For almost six decades,
Stephen Shames has documented the world as an award-winning photojournalist. Through his photography, he uncovers the raw emotions and deeper truths behind both global, political issues and private, personal ones. From chronicling the Black Panther movement in Power to the People: The World of the Black Panthers, to exposing the silent crisis of child poverty in Outside the Dream: Child Poverty in America, Shames’ work consistently highlights the humanity at the heart of struggle and survival.
In Stephen Shames:
A Lifetime in Photography, Kehrer Verlag presents a comprehensive collection of Shames’ life's work, featuring iconic images as well as many previously unpublished photographs. While Shames has photographed a vast array of subjects—from political leaders to ordinary people across diverse cultures—a unifying thread runs through his photos: an exploration of what divides and unites us. His images of children and families reveal stories of violence, abuse, love, hope, and transcendence, offering a window into the complexities of the human experience.
In this stunning volume Shames invites the reader to embark on an emotional journey through his photography, where the power of his images continue to inspire reflection and empathy.
From the introduction by Stephen Shames:
The great thing about being a photojournalist is your camera is a ticket to go anywhere. Whether photographing the mundane or the dangerous, I try to convey pure emotion in my pictures, to get behind the scenes, to find a different angle so my pictures reveal what is beneath the surface. Having a distinct vision allows a photographer to be more poetic. While my work fits into the documentary tradition, it is also about the edges of experience, where things are more ambiguous and non-rational: the inner moments, where public events meet our private fears and hopes. This, in my opinion, is where the action is, the place of art.
From the essay by Jeffrey Henson Scales:
This book is not a survey nor is it structured with a narrative arc. It is more a collage of Shames’ life as a photographer, a mashup of his life’s work. Documentary photography by its very nature is constructed of people, places, and things the artist finds in their camera’s viewfinder. Like the many artists throughout the history of modern art who have created assemblages of found objects, this book similarly takes the images Shames has created over decades and remixes them here to present a nonlinear view of his own life in photography … The result is a visual journey that, like a billiards break shot, sends us scattering across the globe.

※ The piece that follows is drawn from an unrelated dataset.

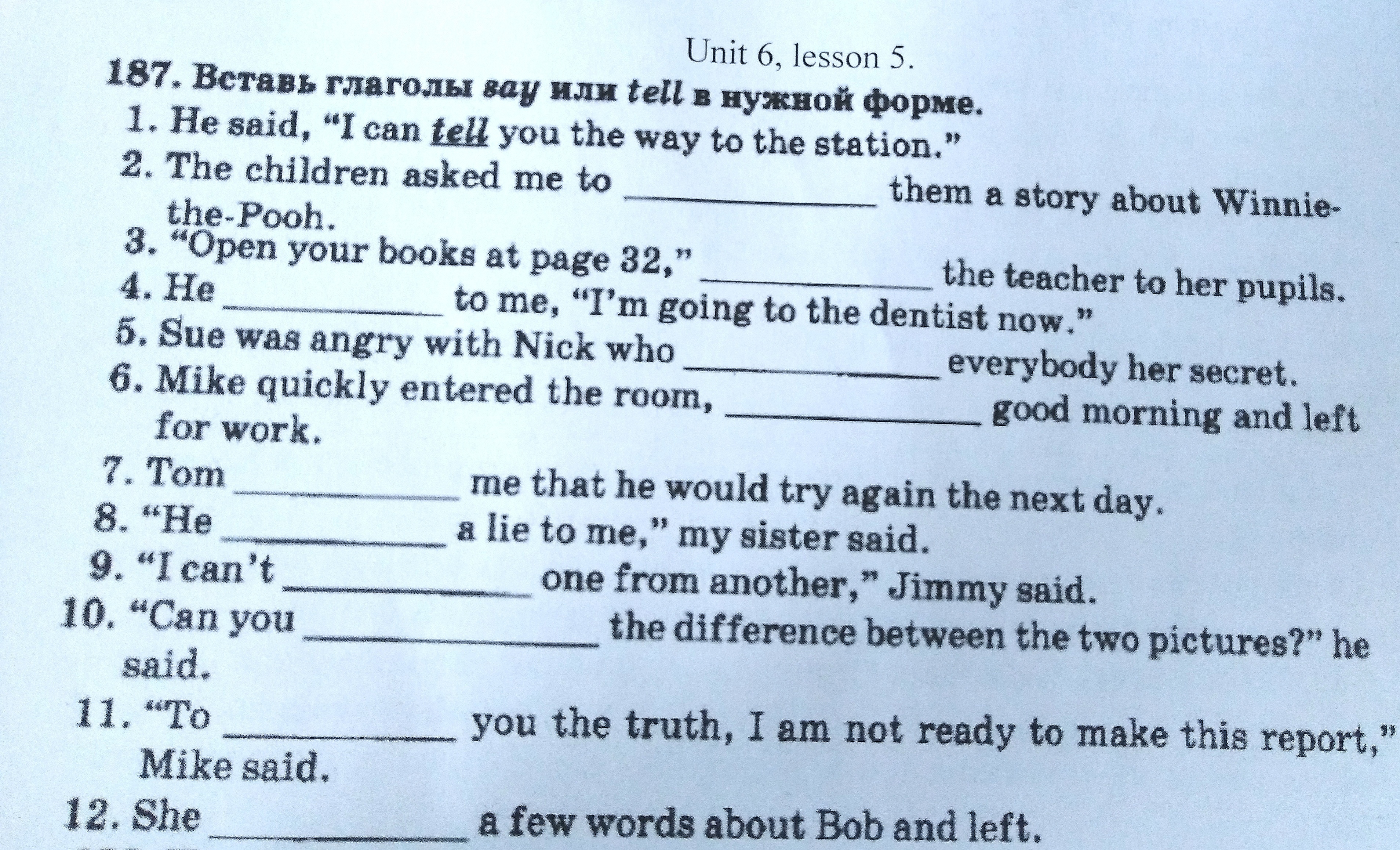 2 - tell, 3 - said, 4 - said, 5 - told, 6 - said, 7 - told, 8 - told, 9 - tell, 10 - tell, 11 - tell, 12 - said

From the Introduction by Stephen Shames:
Photographing is an intense occupation. To get good photographs you must insert yourself into other people’s lives. To do that you need to earn their trust and form a deep relationship with them. My friend, photographer Lydia Panas, says she ends up “in love” with the people she photographs. I feel the same way. I am passionate about the people and scenes I photograph. What I see affects me deeply. As you look through these pages, I hope these photographs touch your emotions and move you to cry and laugh. Please walk with me. Share my journey.
About the Artist:
Stephen Shames (b. 1947, in Cambridge, Massachusetts) is an American photojournalist who for nearly 60 years has used his photography to raise awareness of social issues, with a particular focus on child poverty, solutions to child poverty, and racism. Shames was named a Purpose Prize Fellow in 2010 by Encore.org for his work helping AIDS orphans and former child soldiers in Africa. His photographs have been published and exhibited widely and are included in 42 permanent collections of renowned institutions, including the MoMA, New York, the Museum of Fine Arts Boston, the George Eastman Museum, Smithsonian, National Portrait Gallery, Washington, D.C., and the Metropolitan Museum of Art, New York, to name a few.

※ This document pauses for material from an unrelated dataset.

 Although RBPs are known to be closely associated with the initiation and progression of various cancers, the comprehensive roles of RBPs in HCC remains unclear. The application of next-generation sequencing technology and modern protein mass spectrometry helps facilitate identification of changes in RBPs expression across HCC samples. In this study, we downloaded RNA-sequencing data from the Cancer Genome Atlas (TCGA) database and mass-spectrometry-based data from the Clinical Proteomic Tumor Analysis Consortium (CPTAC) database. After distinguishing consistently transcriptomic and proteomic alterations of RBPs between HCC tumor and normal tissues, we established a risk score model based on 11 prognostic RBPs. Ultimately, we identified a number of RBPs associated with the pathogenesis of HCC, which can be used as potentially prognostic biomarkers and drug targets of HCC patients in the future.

About Jeffrey Henson Scales:
Jeffrey Henson Scales is an independent photographer, whose photographs have been published and exhibited widely and are included in numerous permanent collections of many renowned museums. He is also an award-winning New York Times photography editor who has been co-editor of the annual Year in Pictures special section for over fifteen years. He also created and curated the award-winning New York Times photography column, “Exposures.”